Além disso, as companhias aéreas são pressionadas a encher os voos com antecedência. Com isso, empresas têm adotado algumas táticas para vender mais, como oferecer descontos para quem faz reserva antecipada.
Companhias como a Greater Bay Airlines, que oferece voos entre Hong Kong e outros países da Ásia, já chegou a vender passagens por apenas US$ 2,56 (cerca de R$ 14,43, na cotação atual).
Já a Qantas Airways, maior empresa aérea australiana, e a terceira mais antiga do mundo, cortou nesta semana os preços de mais de 1 milhão de assentos em voos domésticos para apenas 109 dólares australianos (equivalente a R$ 402).
Na segunda-feira (22), a companhia aérea Ryanair anunciou que prevê uma baixa significativa das tarifas aéreas durante a temporada de verão deste ano na Europa.
O anúncio vem em meio a uma queda no lucro da companhia, cujas ações caíram 26% em 2024.
Apesar de positivo para os consumidores, o corte agressivo de algumas companhias aéreas nos preços das passagens preocupa o setor.
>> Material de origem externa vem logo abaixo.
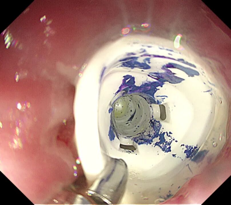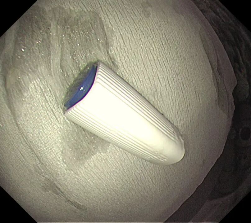 時(shí)間不等人,雖已臨近晚7點(diǎn),市二院第一時(shí)間啟動(dòng)應(yīng)急響應(yīng)機(jī)制,內(nèi)鏡室、麻醉科醫(yī)護(hù)技立即返崗就位,并經(jīng)院辦等職能部門積極協(xié)調(diào),盡可能縮短術(shù)前準(zhǔn)備時(shí)間,迅速制定了取出異物的方案。隨后,在全身麻醉下,朗朗安然入睡,醫(yī)生通過纖細(xì)的胃鏡,精準(zhǔn)地找到了那個(gè)“惹事”的筆帽位于十二指腸內(nèi),并順利將其取出。整個(gè)過程僅用時(shí)十幾分鐘,朗朗術(shù)后很快蘇醒,觀察無(wú)礙后平安回家。
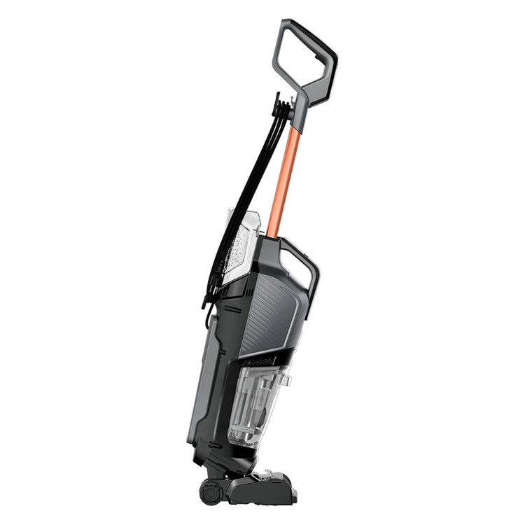 بدنه این مدل از پلاستیک فشردهی مقاوم ساخته شده که نهتنها در برابر ضربه و خط و خش مقاومه، بلکه ظاهر شفاف و براقش حس یک دستگاه لاکچری رو منتقل میکنه. طراحی عصایی دستگاه همراه با کابل 7.6 متری باعث میشه که بدون نیاز به تعویض پریز، بتونی تا شعاع حدود 50 مترمربع رو کاملاً تمیز کنی. این یعنی در سالنهای بزرگ یا راهروهای طولانی کاملاً بدون وقفه کار میکنی.
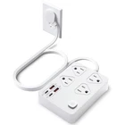 Features: 4 AC Outlets+1USB A +1 UAB C ports on Top Surface 5ft Power Cord Provides Sufficient Power Cord Length Fireproof enclosure. Durable flame retardant housing ensures safety in emergency situations. Package Includes 1 x Extension Lead Dimension 5 inch (diameter)×2 inch (height) 【90 degree right angle power strip】power strip has upgraded and optimized our products. It features a special design and an ultra-thin flat plug that can easily be plugged into sockets blocked by sofas. And will not block the insertion of other plug. Our design will save you space and keep your desk tidy, no more cluttered wires. 【Dual-Port Fast Charging】USB C power strip equipped with a 20W power delivery USB port and a 20W quick charge USB-C port, allows you fast charge iPhone and android at the same time. 【Portable Travel Power Strip】6Ft extension cord is in perfect size that fits right in the palm of your hand. Measuring just 5" x 2'',only weights 0.8lb. It easily fits in luggage, briefcase for your travel accessories or on your nightstand, home and office table desk to handle your Bluetooth speaker, laptops, smart , iPads without probolems. 【Surge Protector Power Strip】The 4 AC outlets with surge protection against electrical spikes. 3 level complementary surge protector circuit which composed of TVS, MOV (metal oxide varistor), GDT (gas discharge tube), with minimum 2000J energy absorbing capacity. Much more quickly and reliably than the traditional MOV surge protector circuit 【Wall Mountable Power Strip】Magicod surge protector power strip not only could be used in your office desk, room, it also can be wall mount. You can easily mount it on a wall, nightstand or desk, no more running messy tangled wires down to the floor outlet
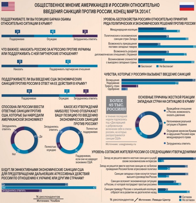 Согласно итогам опроса, проведенного 22‑27 марта 2014 г. исследовательской компанией YouGov, почти каждый второй (47 %) житель США признает, что введенные Белым домом экономические санкции не станут России преградой для ее дальнейших агрессивных действий в отношении Украины или любой другой страны. Несмотря на одобрение большинством (60 %) американского населения санкций против российского руководства, 62 % опрошенных уверены, что США очень важно продолжать поддерживать с Россией партнерские отношения для защиты своих национальных интересов на международной арене.
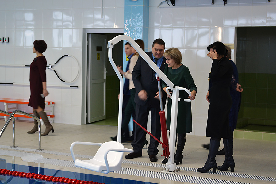 Губернатор Югры Наталья Комарова вместе с общественниками района приняла участие в приемке спортивного комплекса с бассейном в пгт. Приобье.

O presidente da Emirates, Tim Clark, em entrevista ao Farnborough Air Show, criticou a forma como as aéreas reduziram de forma repentina as tarifas.
Ele alertou que esse fenômeno poderia desencadear “uma corrida para o fundo do poço” das empresas aéreas.
A alta demanda por voos também tem causado uma escassez de aeronaves comerciais disponíveis. Isso obrigou as companhias a encomendarem novos aviões.
Entretanto, entraves na cadeia de suprimento global de aviação fizeram com que algumas fabricantes, como a Airbus, recusassem novos pedidos por conta do alto backlog.
Até certo ponto, esses fatores limitam o quanto os preços das passagens podem cair.